Split to page groups
The CopyPages method supports copying of any page range. This code snippet shows how to extract the third and the first pages:
using var pdf = new PdfDocument(@"source.pdf");
using PdfDocument copy = pdf.CopyPages(new int[] { 2, 0 });
copy.RemoveUnusedResources();
copy.Save("result.pdf");
The order of page indexes is important. It defines the order of pages in the resulting document.
Try the Copy pages code sample from GitHub.
Split PDF by condition
You can split documents based on content. That is helpful if you do not know in advance which pages to extract. For example, extract pages containing specific text:
string textToFind = ".NET Standard";
using (var pdf = new PdfDocument("C# in depth.pdf"))
{
var pageIndexes = new List<int>();
for (int i = 0; i < pdf.Pages.Count; i++)
{
string pageText = pdf.Pages[i].GetText();
if (pageText.Contains(textToFind, StringComparison.CurrentCultureIgnoreCase))
pageIndexes.Add(i);
}
if (pageIndexes.Count > 0)
{
using var copy = pdf.CopyPages(pageIndexes.ToArray());
copy.RemoveUnusedResources();
copy.Save(textToFind + ".pdf");
}
}
You can read more about text extraction in the Extract text from PDF in C# and VB.NET article.
Advanced PDF splitting
Extract pages
The CopyPages
methods do not change the associated PdfDocument
object. There are also the
PdfDocument.ExtractPages methods. They allow
you to remove extracted pages from the document:
using var pdf = new PdfDocument(@"source.pdf");
using PdfDocument copy = pdf.ExtractPages(0, 3);
copy.Save("extracted.pdf");
pdf.Save("original.pdf");
You can try the corresponding Extract pages code sample from GitHub.
Remove and reorder pages
The CopyPages
and ExtractPages
methods produce a new document with selected pages.
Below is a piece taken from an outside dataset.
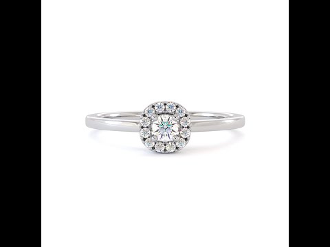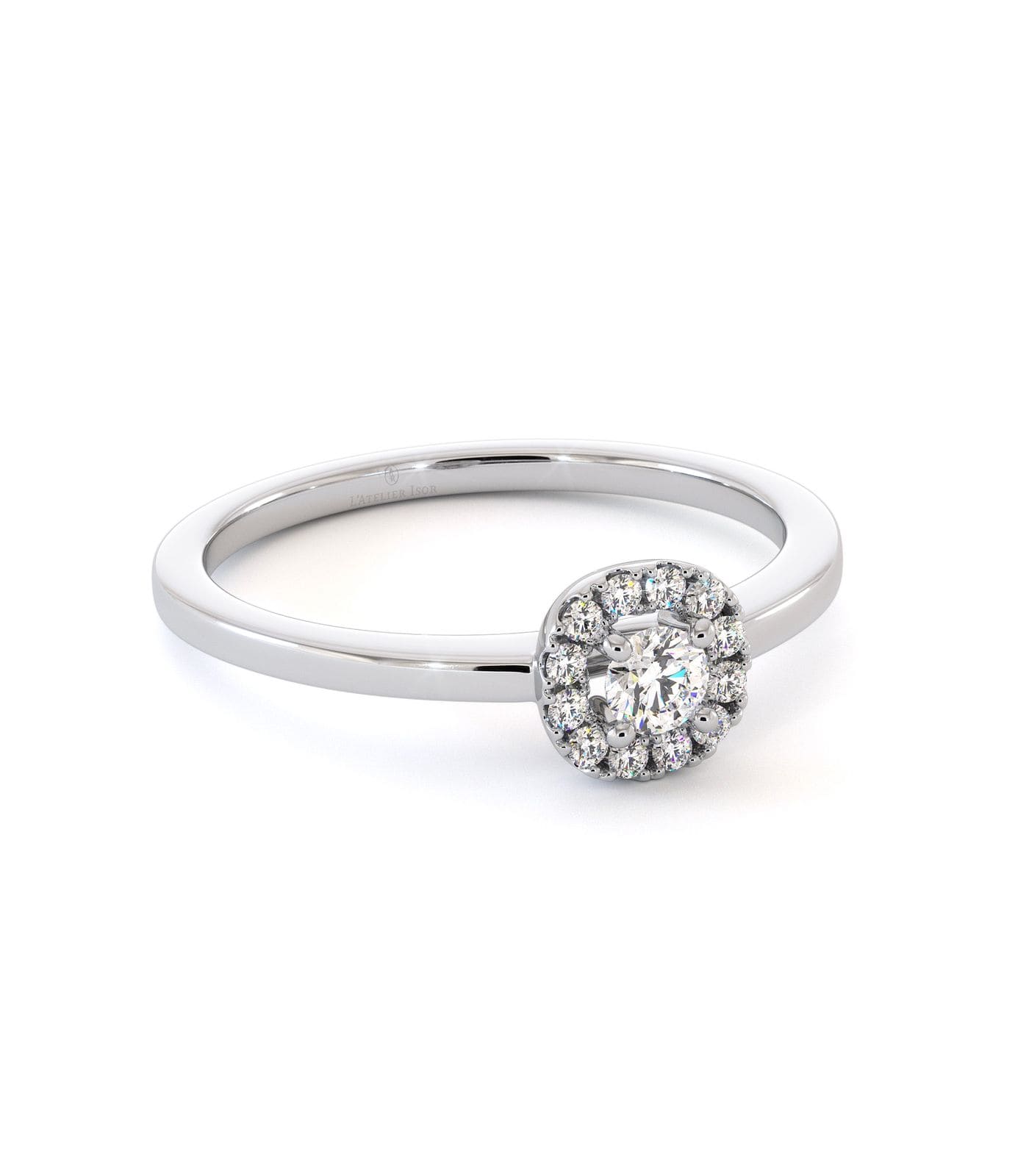 Alliant grâce et élégance, la bague de fiançailles UTOPIA en or 18 carats est sertie d'un diamant central 0,10 carats taille brillant. Son halo de diamants accentue non seulement la pureté de l'or mais aussi l'éclat du diamant central. Son design intemporel et glamour saura sublimer votre style par sa touche éclatante.

An alternative is to remove pages from a current document:
using var pdf = new PdfDocument(@"source.pdf");
pdf.RemovePages(0, 3);
pdf.Save("remaining.pdf")
You can also reorder pages after removal. Look at the code samples in these sections:
Optimize output files
Earlier, I used the RemoveUnusedResources method to optimize resulting files. Docotic.Pdf provides more options for PDF compression. For example, you can remove structure information or compress images. Read the Compress PDF documents in C# and VB.NET article for more information. You can also try the Compress PDF document in .NET code sample from GitHub.
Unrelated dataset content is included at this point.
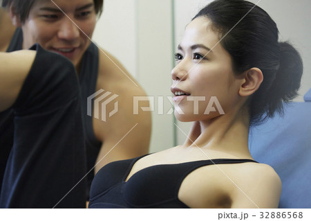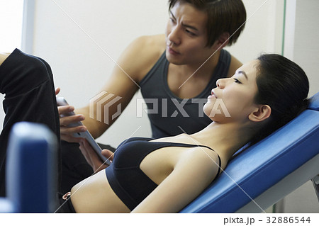 A pretty Asian woman doing work out with assistance from her partner / personal trainer at a gym
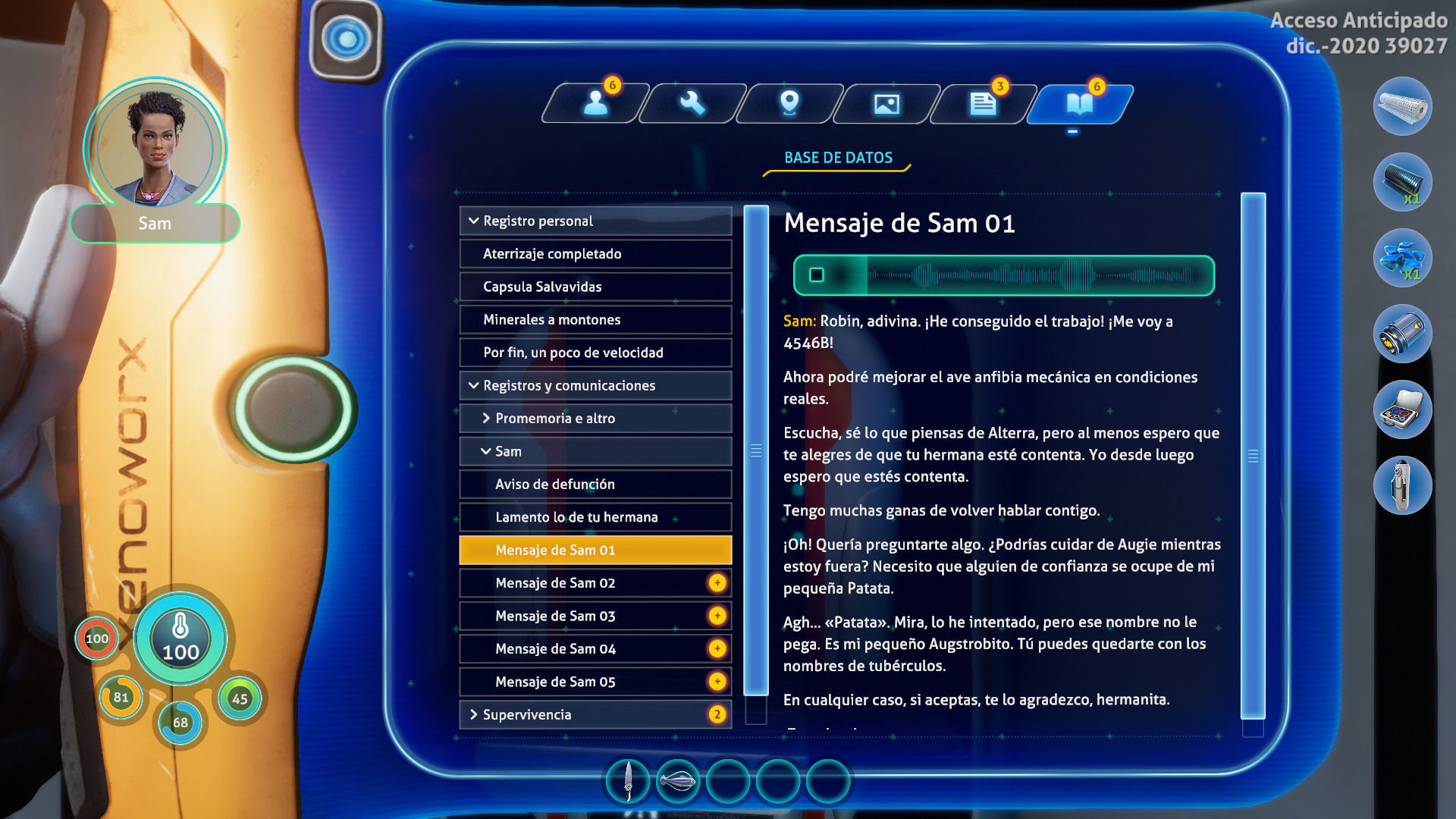 Durante este primer par de horas hemos descubierto que hay alguien más que lleva años viviendo en el planeta 4546B, pues hemos explorado su hogar, en la superficie, protegido por unas extrañas plantas que nos otorgaban un calor necesario para sobrevivir ante las temperaturas gélidas de fuera del agua; y también que en la desaparición de nuestra hermana está relacionada de algún modo una especie alienígena inteligente de la que vamos sabiendo más y más poco a poco, tanto a través de secuencias narrativas jugables como de diarios de texto y voz (que, por cierto, nos alegramos de que se puedan escuchar mientras exploras, algo que es menos habitual de lo que debería). Los desarrolladores prometen una historia extensa, de alrededor de 25 horas, de las cuales unas tres aproximadamente sucederán en la superficie.

PDF splitting is sometimes used to get page files smaller than some limit. In such cases, you can measure the resulting size and compress the file if necessary. Sample code:
using var pdf = new PdfDocument("source.pdf");
using PdfDocument copy = pdf.CopyPages(0, 1);
copy.RemoveUnusedResources();
using var ms = new MemoryStream();
copy.Save(ms);
byte limit = 1024 * 1024;
if (ms.Length > limit)
{
compress(copy);
copy.Save("result.pdf");
}
Note that it might be impossible to compress a PDF file below a certain limit. The results depend on the file content and on the limit value.
Extract page content
It is also possible to change page content when splitting. For example, you can scale extracted pages before using them in a PDF imposition. Try the related Create XObject from page sample project from GitHub.
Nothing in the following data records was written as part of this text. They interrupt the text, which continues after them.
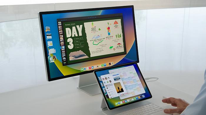 其三则是iPad OS 16的新功能,即连接显示器之后,iPad和外接显示器可以一起显示多个App,文件和App也能在两块屏幕间来回拖放,进入类似电脑的办公状态,而外置显示器最高支持6K的分辨率。
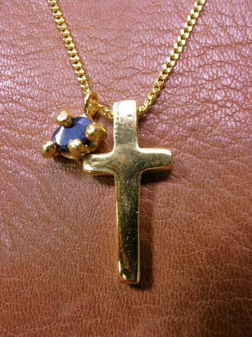 今回は大きめのクロスに、サファイヤを横に付けて貰いました。
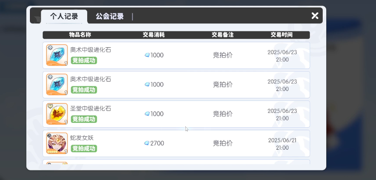 从实际兑换列表可见,拍卖行提供包括记忆结晶、龙魂精粹、五阶进化石在内的多种限定资源。其中进化石为角色突破关键节点所必需,市场流通量极低;记忆结晶则用于解锁高阶技能树,二者均为不可替代型成长物资。

Or you can remove or replace some content on extracted pages. Look at the Copy text, paths and images code sample that shows how to copy PDF page objects.
Split PDF to images
Docotic.Pdf also allows you to split PDF document to page images. Read the Convert PDF to image in C# and VB.NET article for more detail.
Split in parallel threads
You might want to parallelize PDF splitting for large documents. The
PdfDocument class is not thread-safe. But it is possible to
use separate PdfDocument
objects in each thread:
string fileName = "source.pdf";
using var temp = new PdfDocument(fileName);
int pageCount = temp.PageCount;
Parallel.For(0, pageCount, i =>
{
using var pdf = new PdfDocument(fileName);
using var copy = pdf.CopyPages(i, 1);
copy.RemoveUnusedResources();
copy.Save($"split_{i}.pdf");
});
Note that the single-threaded code is usually faster. Multi-threaded solution involves an overhead related to parsing of extra PdfDocument objects. Use the single-threaded version unless tests prove that a parallel code is faster.